Two recent judgments underscoring the potential high cost of the UK getting it wrong in its dealing with businesses and hence being liable to pay damages under the Human Rights Act for breach of its A1P1 obligations. Regular readers will know that A1P1 is the ECHR right to peaceful enjoyment of property.

The first case was the photovoltaics case of Breyer, all about reducing renewables subsidies unfairly: see my post of last week here. The second, this case, involves a much more direct form of impact, namely the Treasury’s direction under the Counter-Terrorism Act 2008 that no-one else should have any commercial dealings with Bank Mellat, because, the Treasury said, the Bank had connections with Iran’s nuclear and ballistic missile programme. 

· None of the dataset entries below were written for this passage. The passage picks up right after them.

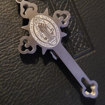 Devotion Through Prayer: In keeping with tradition, when using the St. Benedict medal or cross-medal for protection, it is customary to recite five Gloria Patri in honor of Jesus’ Passion, three Hail Marys in veneration of the Blessed Virgin Mary, and a Lord’s Prayer to Saint Benedict. For a deeper spiritual connection, these prayers are recommended daily.
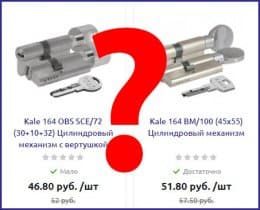 Задайте эти три параметра, а так же наличие или отсутствие вертушки в фильтр и выберите из доступных моделей. Различие в цене зачастую обеспечено классом материала, из которого изготовлен цилиндр, а так же наличием "фишек" для обеспечения безопасности. К примеру в знаменитом бренде Kale Kilit серии OBS присутствуют следующие механизмы безопасности:
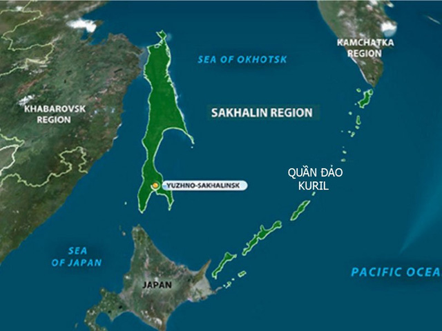 Vị trí quần đảo Kuril mà Nga đang kiểm soát. Nhật Bản gọi đây là Lãnh thổ phương Bắc.
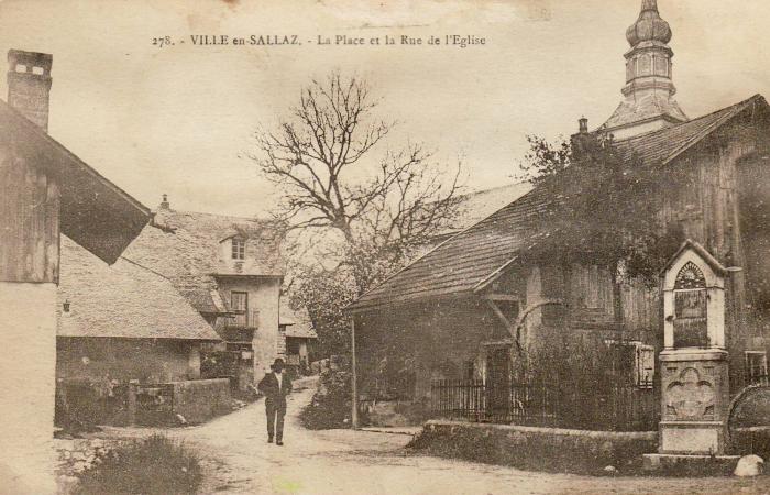 Cette carte postale représente le clocher de Ville-en-Sallaz, en 1920. Celui-ci a été redessiné. Il est visible en arrière-plan. On peut apercevoir la place et la rue de l'église.
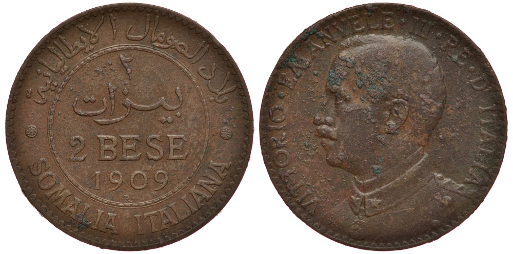 ИТАЛЬЯНСКОЕ СОМАЛИ 2 БЕСЕ 1909 R, ВИТТОРИО ЭМАНУЭЛЕ III КМ 2 бронза 5010-414
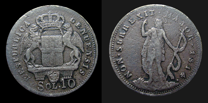 Obv.: Crowned coat of arms between two gryphons. Around, RESPUBLICA GENUENSIS. Below, SOL. 10 Rev.: St. John the Baptist standing with standard. Around: NON . SURREXIT . MAJOR . 1814 . Mm. 18, grs. 2,10 |
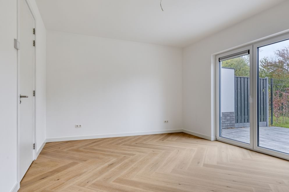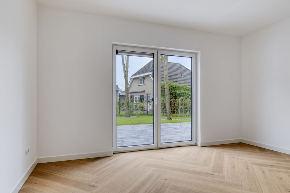 Entree met hal, meterkast, toiletruimte, trap naar de kelder en eerste verdieping. Vanuit de hal toegang tot de royale, tuingerichte woonkamer met veel lichtinval en toegang tot het terras. Aan de voorzijde bevindt zich de ruimte voor de keuken (nog te realiseren). De slaapkamer en badkamer op de begane grond maken de woning geschikt voor gelijkvloers wonen.
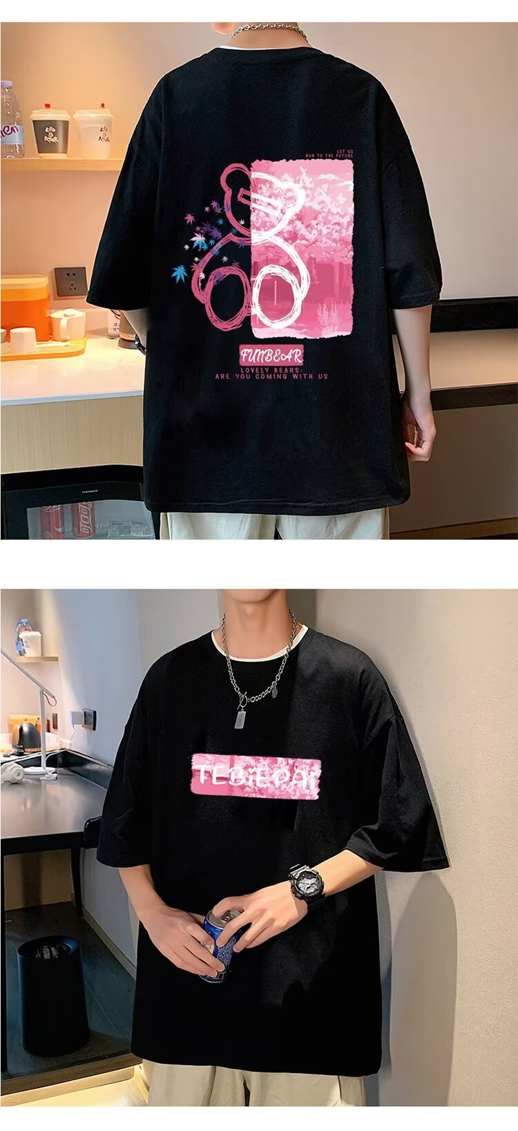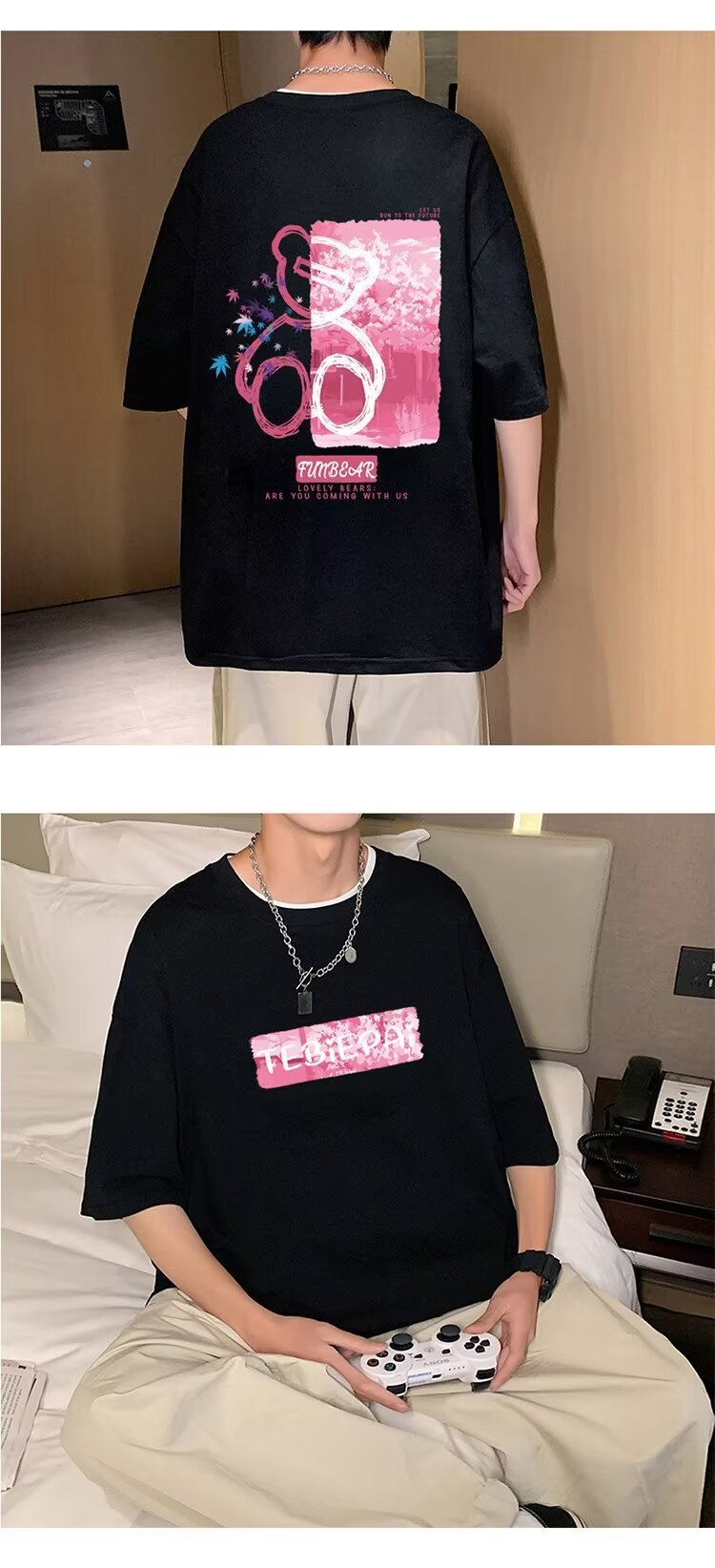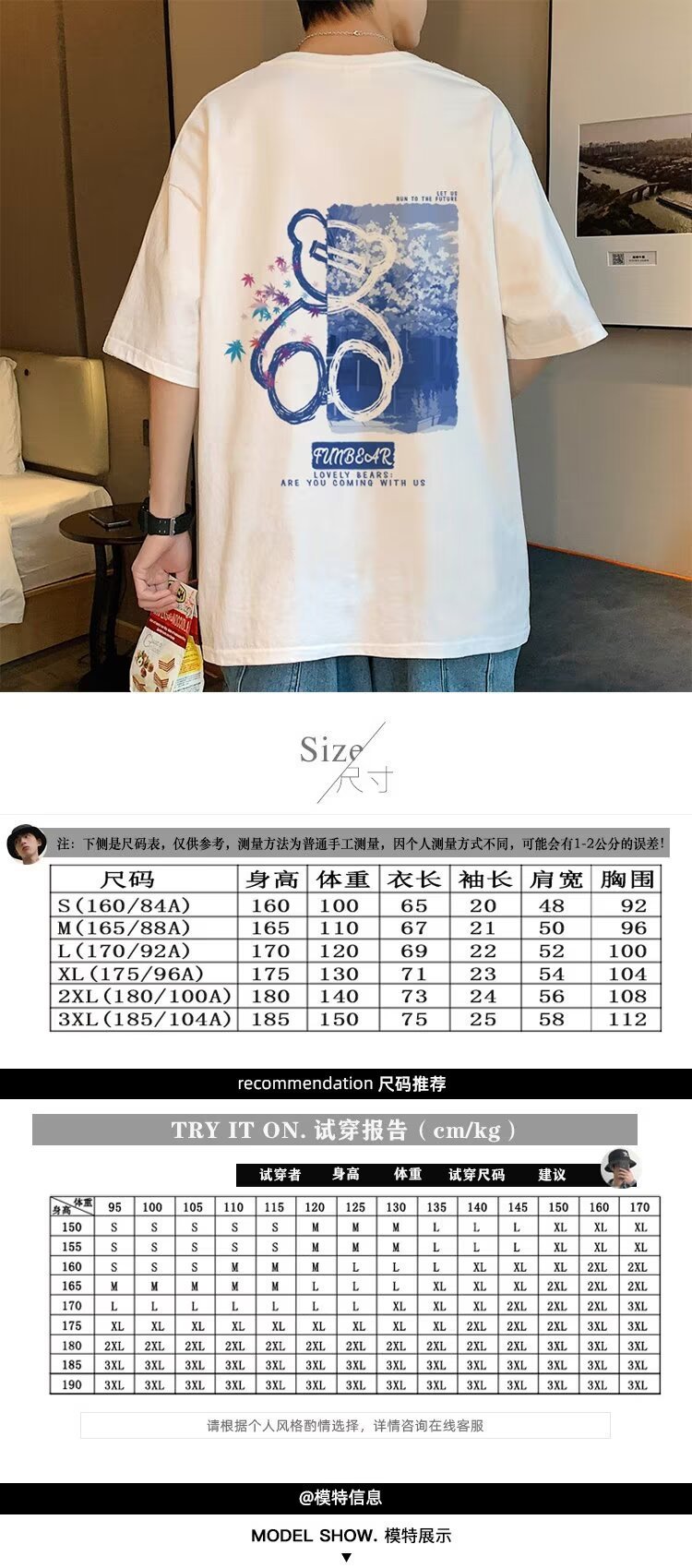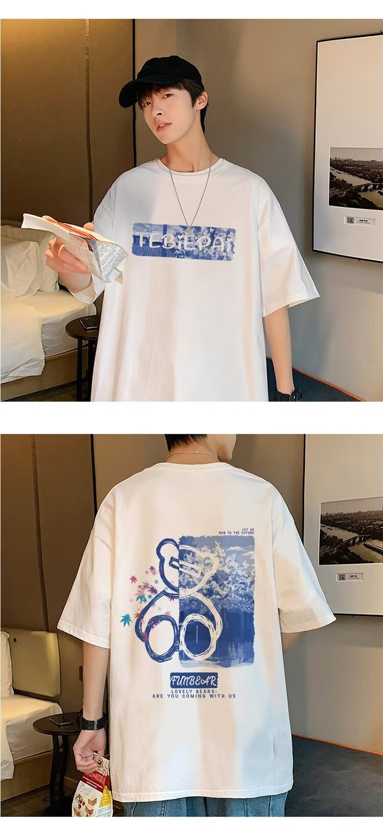 반팔 티셔츠 남자 여름 홍콩 스타일 Ins 트렌디 브랜드 올매치 느슨한 플러스 사이즈 베어 프린트 반팔 티셔츠 탑스토어 가기
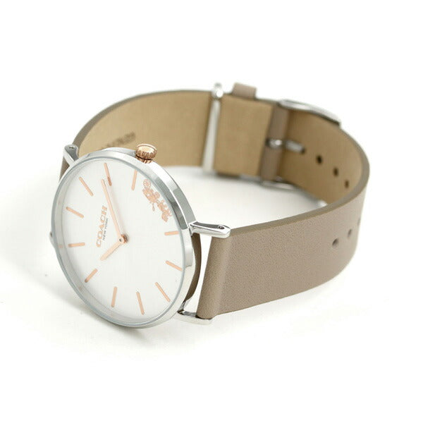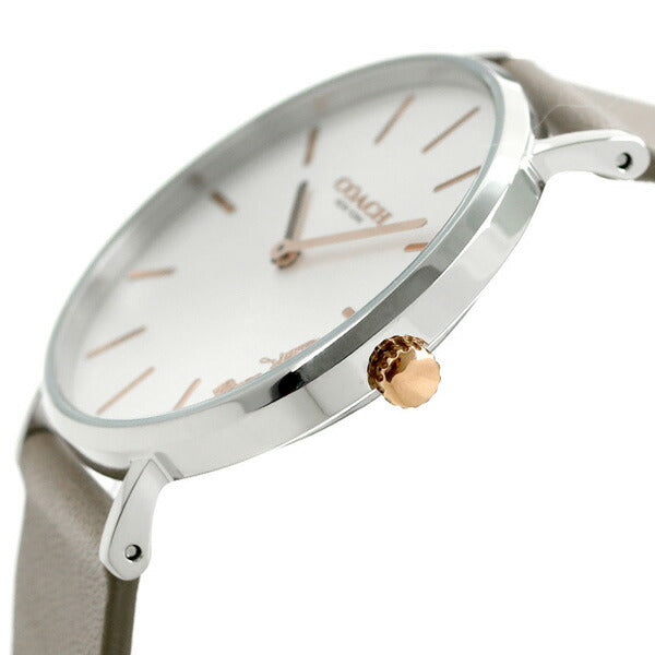3年保証キャンペーン コーチ ペリー 36mm 14503119 クオーツ レディース 腕時計 COACH PERRY アナログ シルバー×グレージュ 革ベルト ◆コーチは1941年にマンハッタンの小さなロフトで皮革製品の家内工業として始まりました。今日では世界中で絶大な人気を誇るファッションブランドです。男女問わず多岐にわたるシックで機能的なアクセサリーにきめ細かな最高品質の素材を用いて、現代的なアメリカンスタイルを取り入れた身近な高級品という新しい定義を形成しています。コーチブランドの柄、色、詳細な金具を取り入れたコーチウォッチは、最新のコーチバッグやデザインコレクションと新鮮でファッショナブルにマッチすると共に、精密なクオーツを備えてます。 ニューヨークシティのウェストヴィレッジの静かな通りの名前にちなんだペリー。伝統的なラウンド型のウォッチで、日常使いにぴったりです。4時位置のブランドロゴとシグネチャー柄の遊革がポイント。シーンを選ばないデザインは、自分へのご褒美にはもちろん、プレゼントにもオススメです。

Bank Mellat’s challenge got to the Supreme Court: see judgment and my post. The Court (a damn’d close run thing – 5:4) concluded that the direction was arbitrary and irrational and procedurally unfair. The nub of the complaint is that there were other Iranian banks against whom this very draconian measure was not taken, and that there was nothing specific about the Bank which made it more implicated than the rest of the banking system.

The Supreme Court remitted the case for trial as to HRA damages.

The current judgment of Flaux J is the first stage in that trial process. As we will see, Bank Mellat are distinct winners at this stage.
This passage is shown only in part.